I think you need something like this:
public boolean equalsTarget( int bitmap, int [] numbers, int target ) {
int sum = 0; // this is the variable we're storing the running sum of our numbers
int mask = 1; // this is the bitmask that we're using to query the bitmap
for( int i = 0; i < numbers.length; i++ ) { // for each number in our array
if( bitmap & mask > 0 ) { // test if the ith bit is 1
sum += numbers[ i ]; // and add the ith number to the sum if it is
}
mask <<= 1; // shift the mask bit left by 1
}
return sum == target; //if the sum equals the target, this bitmap is a match
}
The rest of your code is fairly simple, you just feed every possible value of your bitmap (1..65535) into this method and act on the result.
P.s.: Please make sure that you fully understand the solution and not just copy it, otherwise you're just cheating yourself. :)
P.p.s: Using int works in this case, as int is 32 bit wide and we only need 16. Be careful with bitwise operations though if you need all the bits, as all primitive integer types (byte, short, int, long) are signed in Java.
There are a couple steps in solving this. First you need to enumerate all the possible bit maps. As others have pointed out you can do this easily by incrementing an integer from 0 to 2^n - 1.
Once you have that, you can iterate over all the possible bit maps you just need a way to take that bit map and "apply" it to an array to generate the sum of the elements at all indexes represented by the map. The following method is an example of how to do that:
private static int bitmapSum(int[] input, int bitmap) {
// a variable for holding the running total
int sum = 0;
// iterate over each element in our array
// adding only the values specified by the bitmap
for (int i = 0; i < input.length; i++) {
int mask = 1 << i;
if ((bitmap & mask) != 0) {
// If the index is part of the bitmap, add it to the total;
sum += input[i];
}
}
return sum;
}
This function will take an integer array and a bit map (represented as an integer) and return the sum of all the elements in the array whose index are present in the mask.

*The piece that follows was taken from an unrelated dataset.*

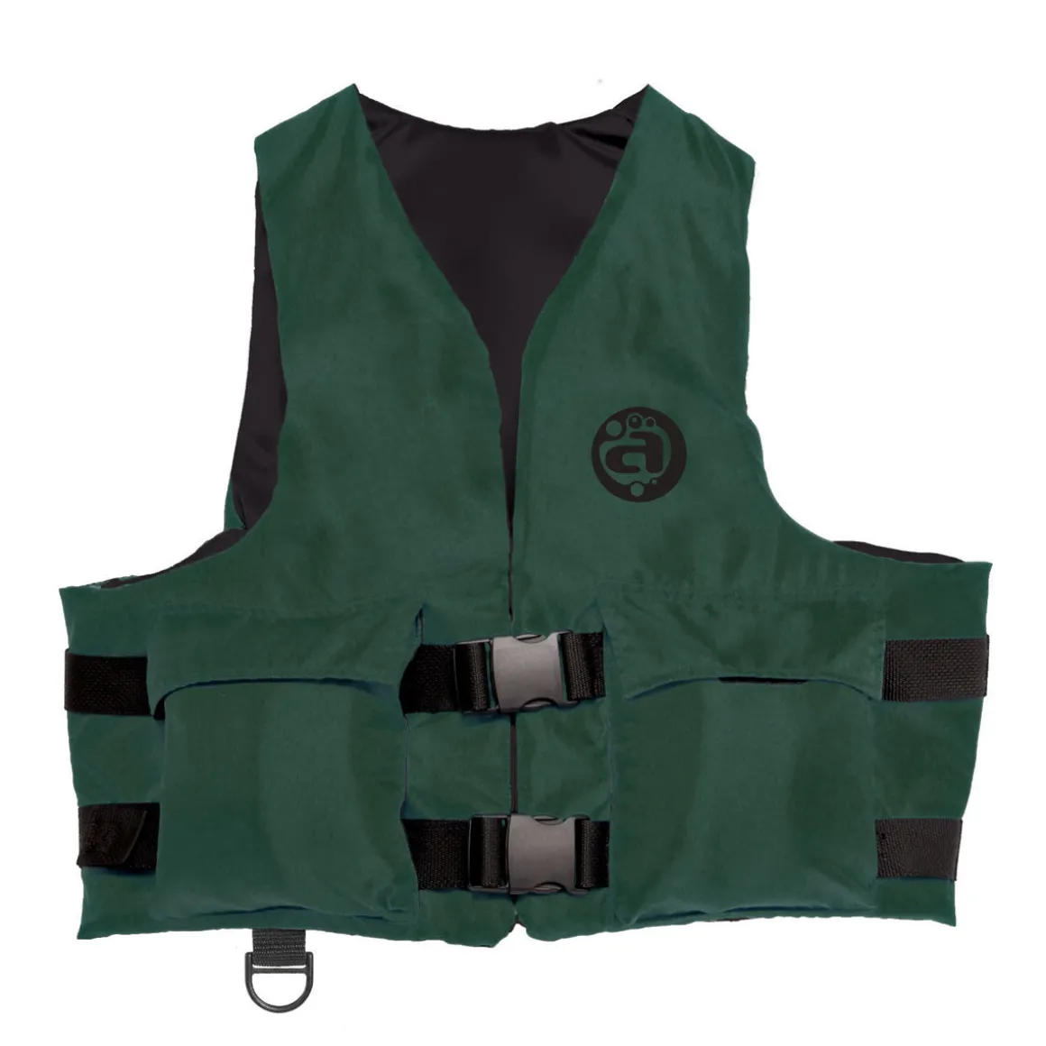 Find two large pockets on the front for stashing away essentials; plus, the handy D-ring makes it easy to attach extras. Opt for hunter green for a subdued, natural look, or choose the youth camo life jacket for under-the-radar paddling.

The key to this function is the ability to determine if a given index is in fact in the bit map. That is accomplished by first creating a bit mask for the desired index and then applying that mask to the bit map to test if that value is set.
Basically we want to build an integer where only one bit is set and all the others are zero. We can then bitwise AND that mask with the bit map and test if a particular position is set by comparing the result to 0.
Lets say we have an 8-bit map like the following:
map: 1 0 0 1 1 1 0 1
---------------
indexes: 7 6 5 4 3 2 1 0
To test the value for index 4 we would need a bit mask that looks like the following:
mask: 0 0 0 1 0 0 0 0
---------------
indexes: 7 6 5 4 3 2 1 0
To build the mask we simply start with 1 and shift it by N:
1: 0 0 0 0 0 0 0 1
shift by 1: 0 0 0 0 0 0 1 0
shift by 2: 0 0 0 0 0 1 0 0
shift by 3: 0 0 0 0 1 0 0 0
shift by 4: 0 0 0 1 0 0 0 0
Once we have this we can apply the mask to the map and see if the value is set:
map: 1 0 0 1 1 1 0 1
mask: 0 0 0 1 0 0 0 0
---------------
result of AND: 0 0 0 1 0 0 0 0
Since the result is != 0 we can tell that index 4 is included in the map.